На солнце Драйера, таким образом, обнаруживаются тёмные пятна Лужина. И оба они отбрасывают тень на своего автора. Драйер, на десять лет старше своего автора, отбрасывает тень на это десятилетие – в будущее, Лужин, его ровесник, тридцати лет, – в прошлое, в детство.

О детстве Драйера мы ничего не знаем (кроме того, что его отец был скромным портным, мечтавшим о путешествиях), но, будучи молодым и бедным, Драйер, благодаря чутью и таланту, умудрился быстро разбогатеть на фоне инфляции. Женившись на бесприданнице, принеся ей богатство и статус, он странным образом перед ней пасует, не решаясь сделать то, для чего он созрел и что обещает ему поиск подлинного призвания. «Тайная застенчивость», которую Драйер «превосходно знает», опасение «что-то вконец разрушить» с Мартой, малодушие, «пустяковость», своего рода эскапизм, бегство от действительности – такими видит Набоков дефекты «пожилого» (примерно сорокалетнего) Драйера, не позволяющие ему полностью воплотить данный ему от природы творческий дар. Перспектива, которую для себя Набоков не хотел бы и от которой он себя как бы предостерегал.
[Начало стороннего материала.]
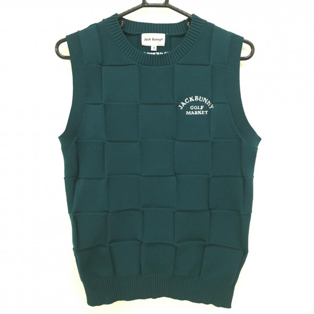 【超美品】ジャックバニー ニットベスト 白×黒 グレンチェック ワッペン Vネック レディース 1(M) ゴルフウェア Jack Bunny

Если Драйер – своего рода автопародия, предполагающая, для полной творческой самореализации героя необходимость преодоления им некоторых, присущих ему недостатков (в финале – с явными намёками автора на оптимистические перспективы этого процесса), то Лужин – фигура трагическая, и к нему писатель Сирин относится совершенно иначе. Достаточно сказать, что в переводе на французский этот роман назван автором «Путь сумасшедшего». Саморефлексия Набокова предоставила в распоряжение Лужина многие пережитые трудности его собственного детства: сверхчувствительные реакции на воспитателей и учителей дома и в школе, склонность к побегам, ежегодная травма переезда из идиллической жизни в имении в шумный и суетный город, сосредоточенность на одиночных занятиях, ярко выраженный индивидуализм и отвращение ко всякой «артельности», безошибочное чутьё на самомалейшую фальшь и пошлость, навязчивые идеи, страхи и ночные кошмары.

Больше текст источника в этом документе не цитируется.